Jurnet's cracked ribs sent thuds of pain through his tired body. The Superintendent worked on imperturbably. Crafty fellow that he was, a born leader of men, he had produced from the boot of his car gum boots and a boiler-suit in which he looked not much less elegant than in his evening clothes. Jurnet would not have been surprised to see emerge from that cache, should the circumstances call for it, anything from deep-sea diver's equipment to an astronaut's space suit.

“I take it—” the Superintendent remarked when, the last scrapheap accounted for, they drew breath in front of the first of the row of prefabs—“that whoever was responsible for what was done here tonight was safely holed up in the caravan before Hinchley and Bly even took up surveillance?”

“Probably. Three of 'em, I reckon. Four at the most.” Jurnet omitted to specify the basis of his calculation: one to take care of Willie, one or two to hold Millie down; one to take his turn at rape. “If they'd come after, the light spilling out when the trailer door was opened would have given them away—even though, from the car, the PCs hadn't what you could call a marvellous view of the door.”

“And how was that?” the Superintendent inquired, in a tone that boded little good to the departed constables.

“Not their fault,” Jurnet countered, quick as always to come to the defence of his brothers-in-arms. “The way the trailer was positioned made it impossible to park in Bridge Street and get a full frontal. I reckon that's how, in the couple of minutes the trailer light was out and before the place went up in smoke, the bastards were able to slip out, and get Millie and the kid out—” he steeled himself to interpolate, “
if
they got the kid out—without being spotted. Hinchley and Bly chose the best spot they could find in the circumstances.”

“Nothing to stop them getting out of the car and crossing the road for a better look.”

“So they did, from time to time. But I'd particularly warned them to keep a low profile. If anyone
was
planning something, I wanted it to be along the street, where we could control the situation and nip it in the bud.” The same loyalty that impelled Jurnet to defend PCs Bly and Hinchley operated to prevent the detective from reminding the Superintendent that it was he who had disallowed protection round the entire perimeter.

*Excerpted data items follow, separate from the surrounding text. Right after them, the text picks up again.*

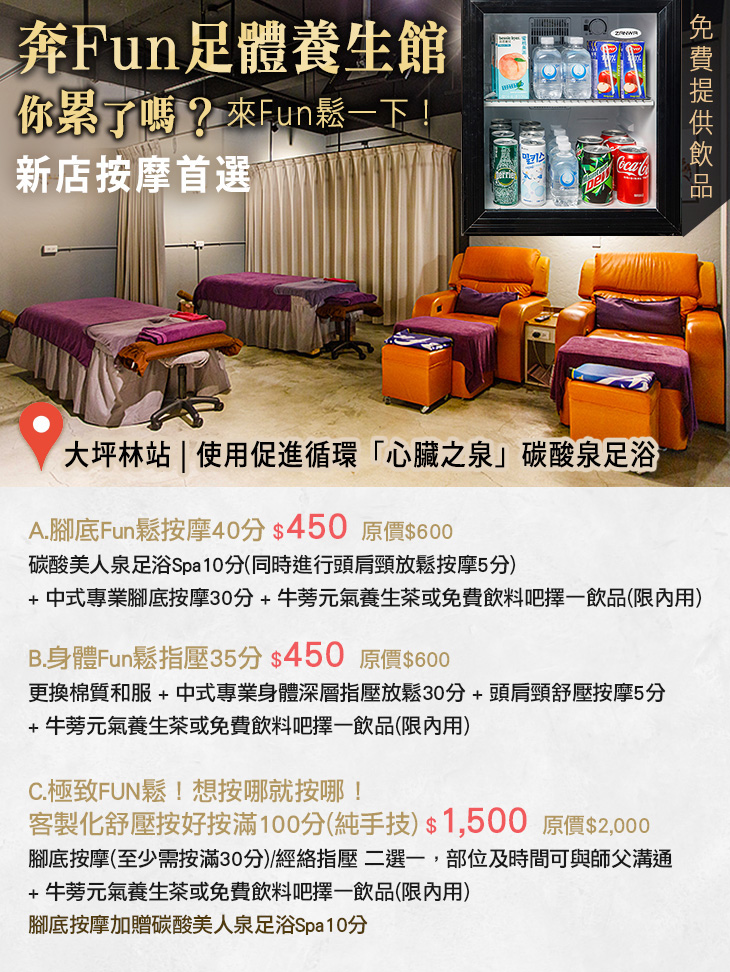 A.腳底Fun鬆按摩40分 / B.身體Fun鬆指壓35分 / C.極致FUN鬆!想按哪就按哪!客製化舒壓按好按滿100分(純手技)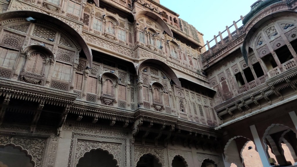 Patwon ki Haveli was constructed over 50 years, starting in 1805 AD commissioned by Guman Chand Patwa, a trader of jewelry and fine brocade. The haveli is typified by latticed balconies carved out of sandstone but seeming as if carved from wood, ornate wall paintings, exquisitely carved pillars, and extensive corridors and chambers. After seeing the haveli, we proceeded to Jaisalmer Fort. At Jaisalmer fort too, we took a guided tour through the main palaces, hearing stories of the past, getting transported to the times when these were inhabited by the royals.
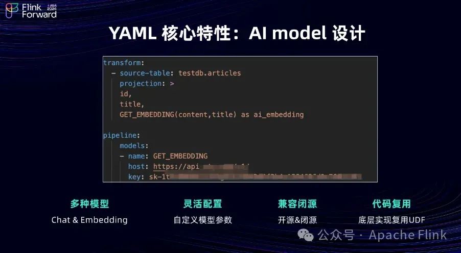 YAML 集成 AI Model 能力的 API 设计如图所示。用户可以在 Pipeline 级别定义 AI Model,目前内置了 Embedding 和 Chat 两类模型。想要调用模型只需要指定 Model 类型、提供一些必要的参数(例如 Host 和 Key 等)即可,生命的模型可以直接在 Transform 表达式中调用。这个例子的场景是从 testdb.articles 表中提取最新发布的文章内容,根据文章的标题及内容生成向量,灌入 ElasticSearch 中,配合整体的 RAG 设计,ElasticSearch 里的向量就代表今天最新的文章的信息,可以用于下游模型的答案生成,实时更新。这是 Flink 实时数据的计算引擎、Flink CDC 实时数据集成框架给 AI 带来的切实收益,通过处理实时数据来帮助模型生成更准确的答案。AI Model API 的设计上能够兼容多种模型,且各个模型的参数可以通过 YAML 自定义配置。同时支持开源和闭源模型,例如 ChatGPT 和阿里的通义千问模型。此外,模型的复用也非常简单,只需复制粘贴模型定义配置项即可。3.5 YAML 核心特性:AI model 实现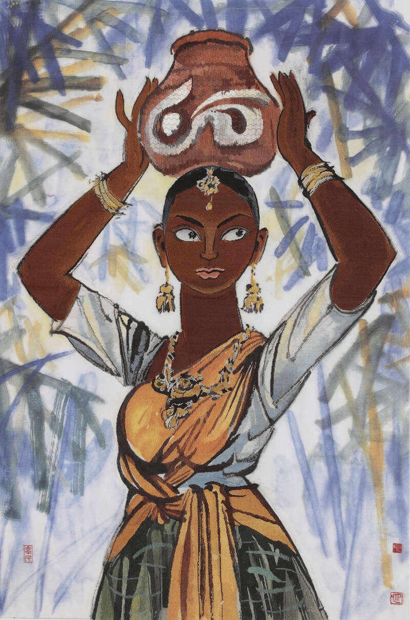 教师作品《顶罐女》,彩锦绣,78×52cm,2018。设计:张仃;绣制:姜幸民。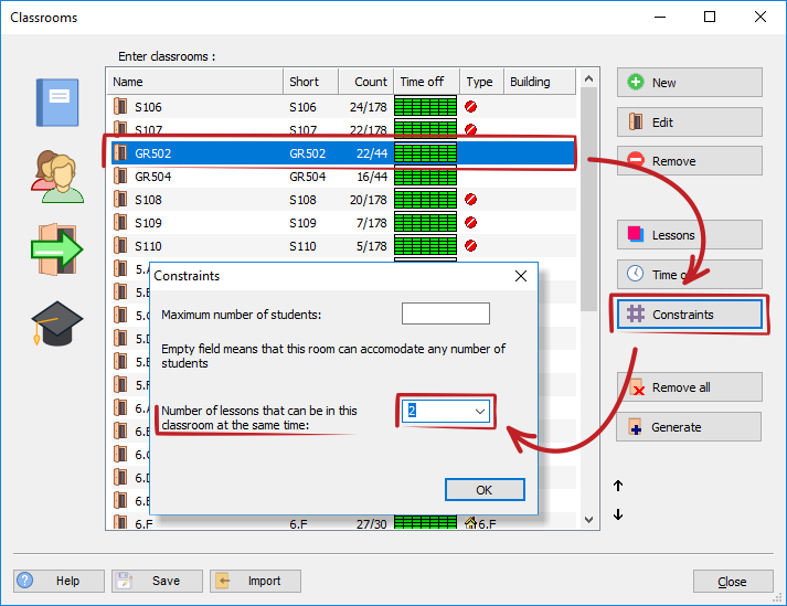 You can specify that classroom can accomodate more lessons at once: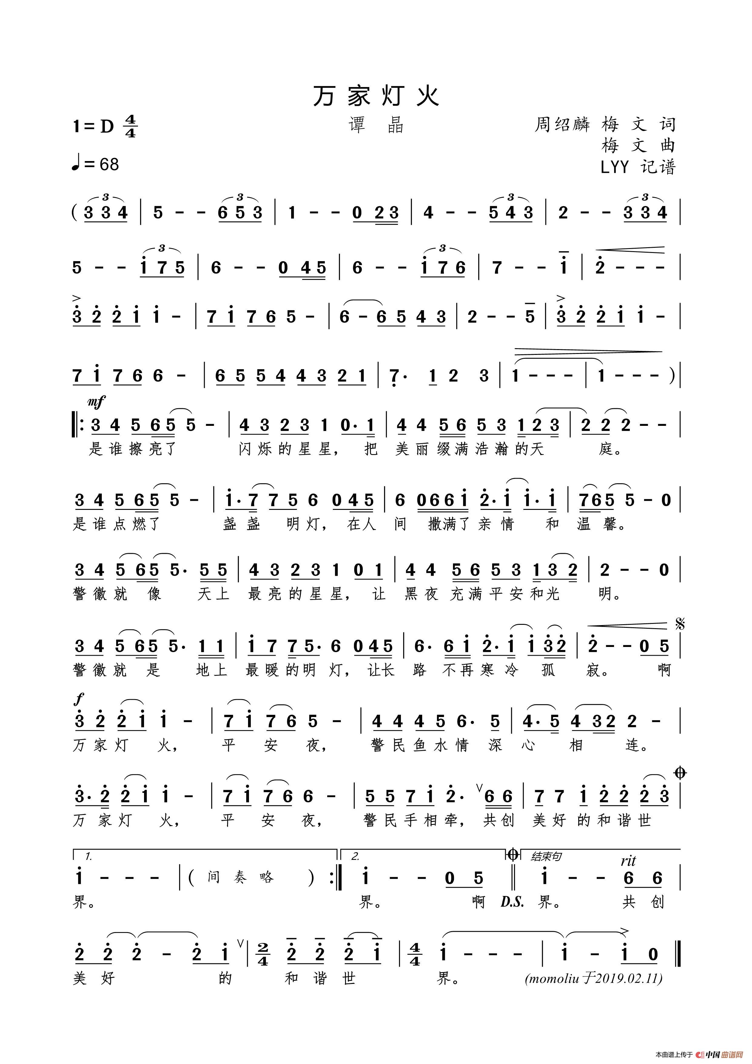 万家灯火(周绍麟 梅文词 梅文曲)相关五线谱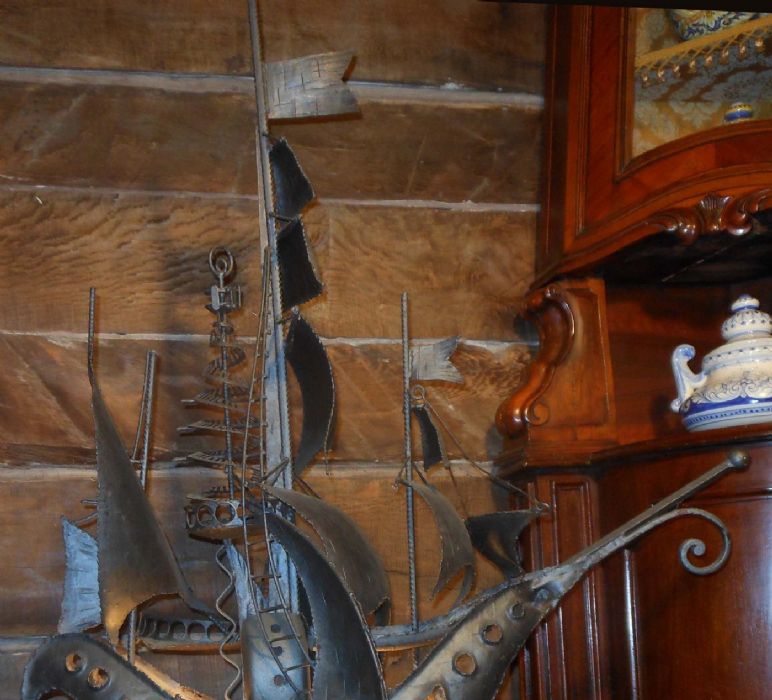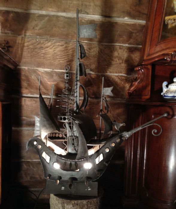 Grande Galeone in ferro battuto, di fantasia, realizzato a mano artigianalmente anche con materiale di recupero.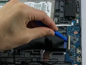 Большой черный шлейф прикреплен к разъему. С помощью синего инструмента для открытия, поднимите разъем ZIF (с нулевой силой вставки), затем подденьте разъем под углом от 0 до 90 градусов. Будьте осторожны, чтобы не сломать разъем, он очень хрупкий.

“My fault as much as theirs,” declared the Superintendent, a wonderful man. “It isn't as though you didn't warn me.”

“I'm the one told the kid I'd be back in a jiffy.”

“Let's not compete in breast-beating, shall we?” The Superintendent bent his head under the low lintel and entered the first Nissen hut, Jurnet following. The place was stacked with bags of cement, most of them soaked with damp and oozing their contents in a grey slime that overlaid the floor.